Copy exactly and only the lines running from the one that contains "إعـلان خـاص بمناقشة أطـروحـة دكتـوراه" to the final line of the data below, without the pictures.
*** Opening AVAILABLE DATA ***
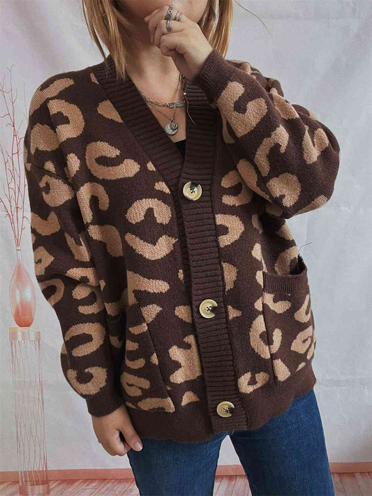 V-Neck Button-Down Dropped Shoulder Cardigan
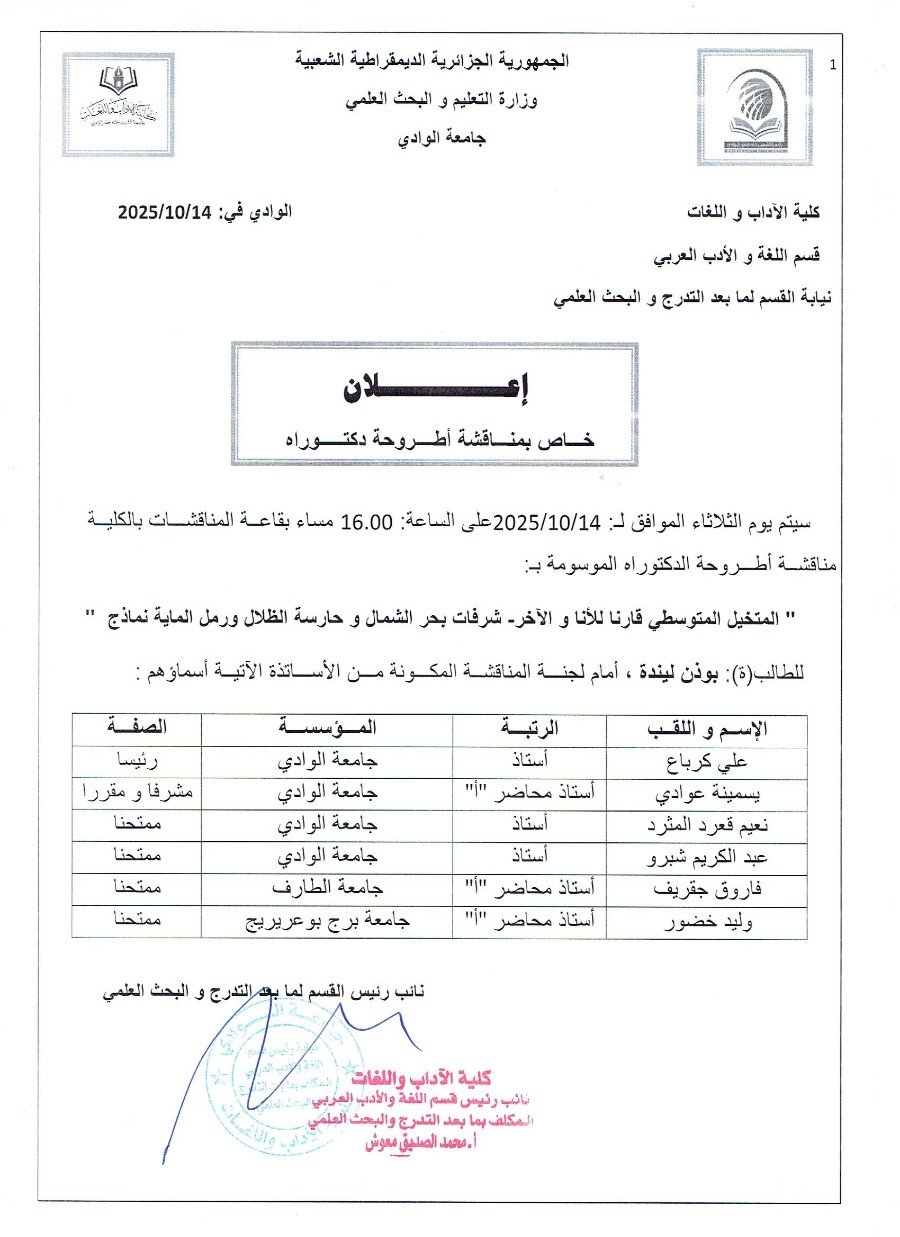 إعـلان خـاص بمناقشة أطـروحـة دكتـوراه
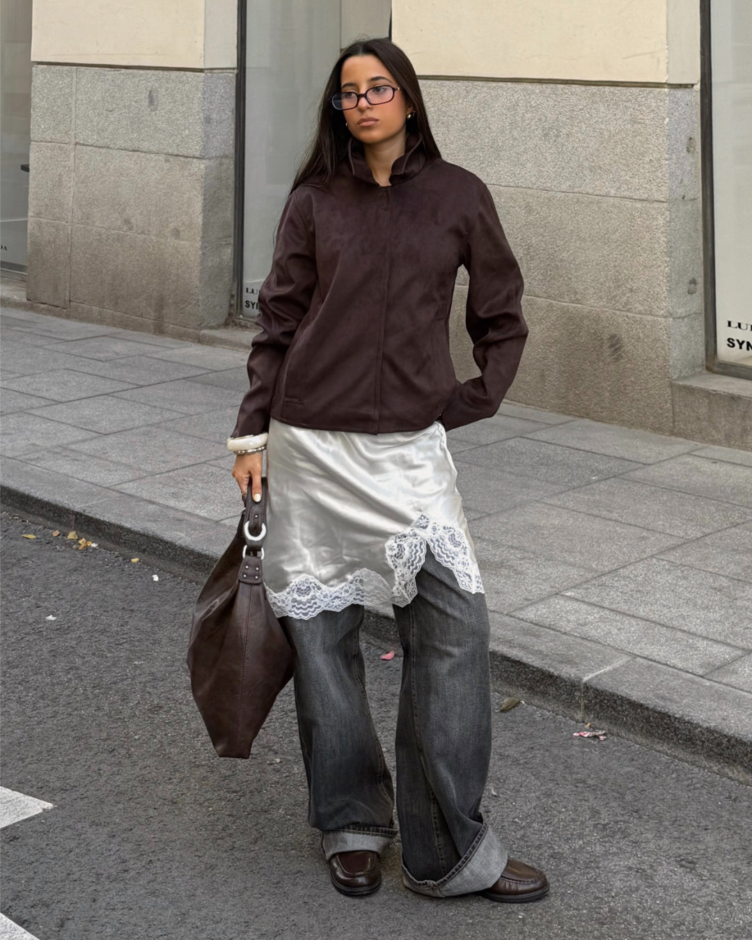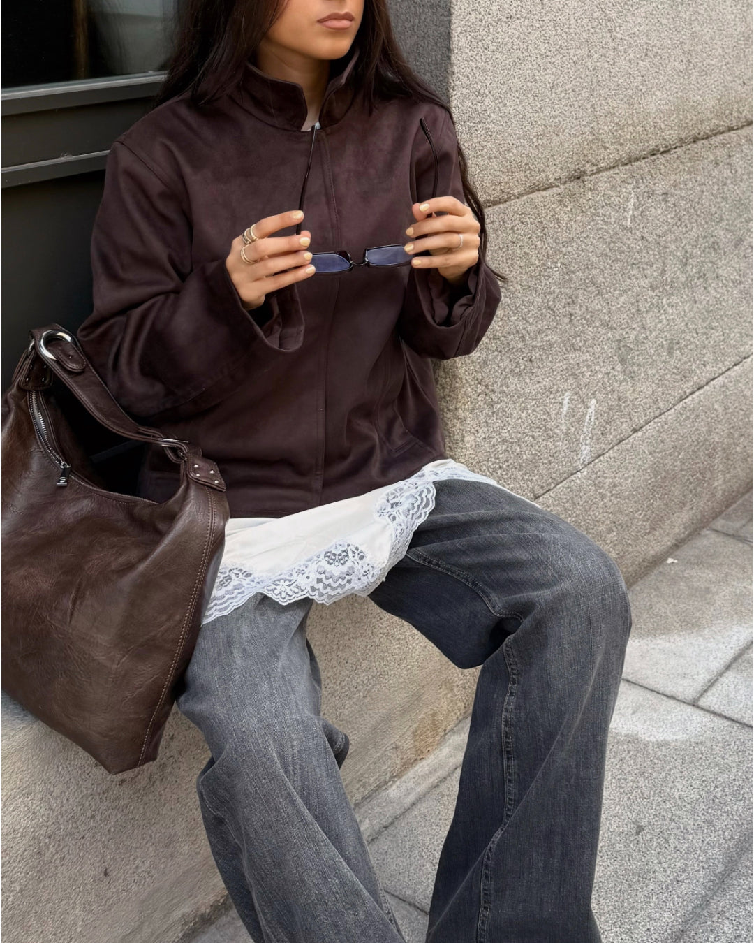 Den smukke ALLIE jakke, brun den perfekte ruskinds efterårsjakke. Jakken er i et ruskinds look, som vi ved i elsker!
*** Closing AVAILABLE DATA ***
» RESULT OF THE EXERCISE:
 إعـلان خـاص بمناقشة أطـروحـة دكتـوراه
 Den smukke ALLIE jakke, brun den perfekte ruskinds efterårsjakke. Jakken er i et ruskinds look, som vi ved i elsker!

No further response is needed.